● **EXERCISE GOAL**: Your output should be the lines below from the one holding "ビミョウな値段だな~。と思っ" through the one holding "This Pacific Seacraft", transcribed exactly, with no pictures.

● **EXERCISE MATERIAL**:
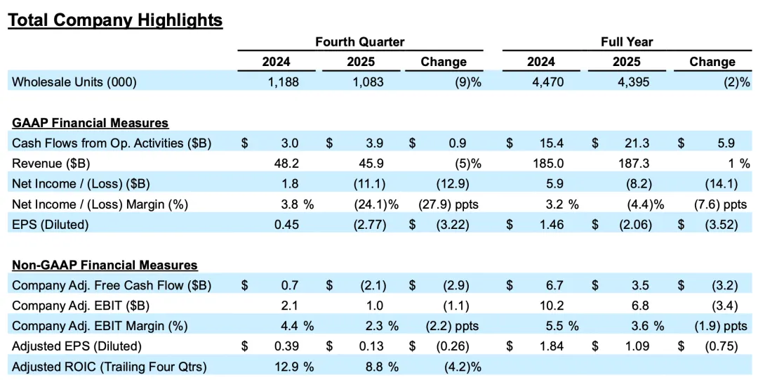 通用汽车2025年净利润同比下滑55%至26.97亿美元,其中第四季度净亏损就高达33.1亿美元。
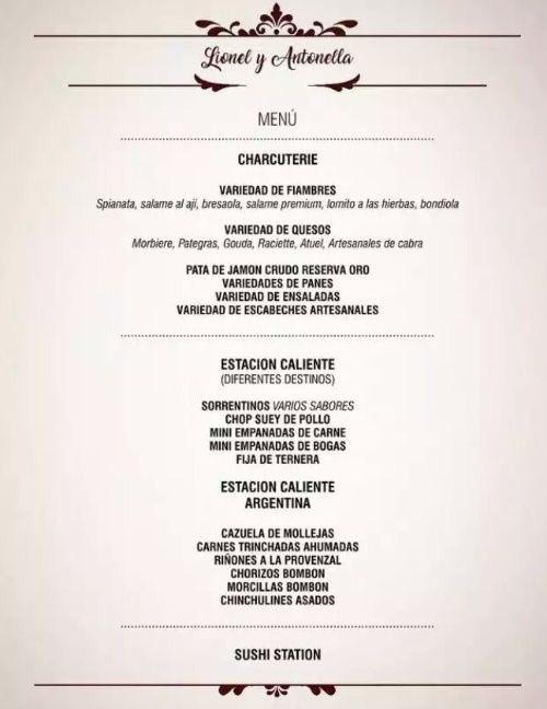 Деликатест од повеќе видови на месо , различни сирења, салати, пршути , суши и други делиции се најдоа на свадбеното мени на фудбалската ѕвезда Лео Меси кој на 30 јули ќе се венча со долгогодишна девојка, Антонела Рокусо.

...

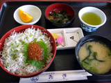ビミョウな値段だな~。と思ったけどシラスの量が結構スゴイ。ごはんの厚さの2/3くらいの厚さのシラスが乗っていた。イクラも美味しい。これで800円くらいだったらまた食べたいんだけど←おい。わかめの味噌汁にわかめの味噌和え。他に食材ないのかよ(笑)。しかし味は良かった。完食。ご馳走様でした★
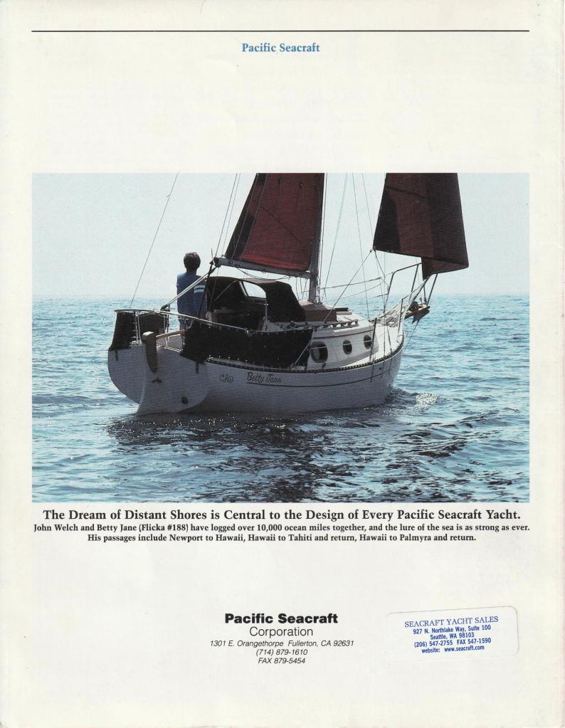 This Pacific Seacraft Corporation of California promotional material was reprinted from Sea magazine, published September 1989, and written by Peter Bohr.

---

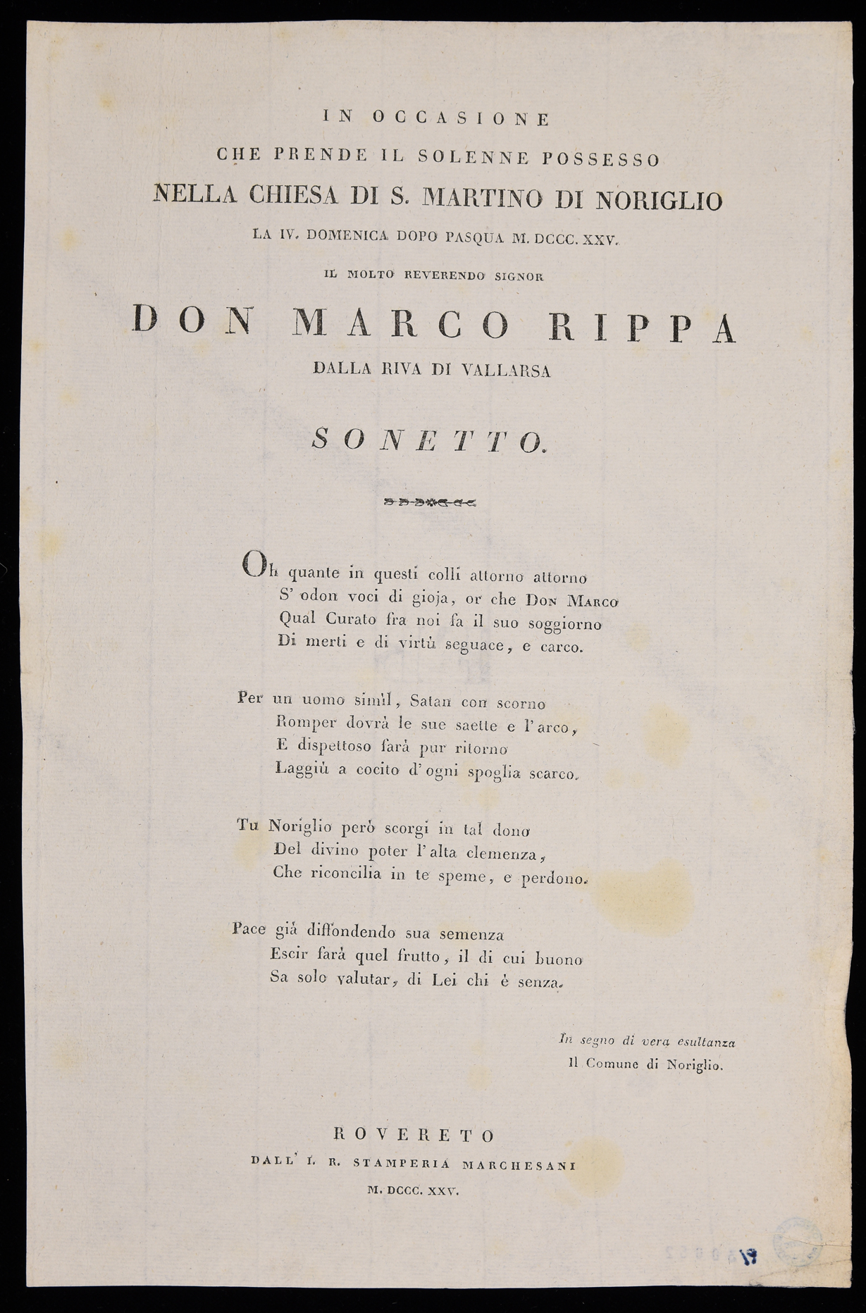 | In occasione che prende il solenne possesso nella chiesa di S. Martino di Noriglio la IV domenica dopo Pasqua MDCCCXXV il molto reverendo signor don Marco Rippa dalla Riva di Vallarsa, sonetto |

● **PROBLEM SOLUTION**:
ビミョウな値段だな~。と思ったけどシラスの量が結構スゴイ。ごはんの厚さの2/3くらいの厚さのシラスが乗っていた。イクラも美味しい。これで800円くらいだったらまた食べたいんだけど←おい。わかめの味噌汁にわかめの味噌和え。他に食材ないのかよ(笑)。しかし味は良かった。完食。ご馳走様でした★
 This Pacific Seacraft Corporation of California promotional material was reprinted from Sea magazine, published September 1989, and written by Peter Bohr.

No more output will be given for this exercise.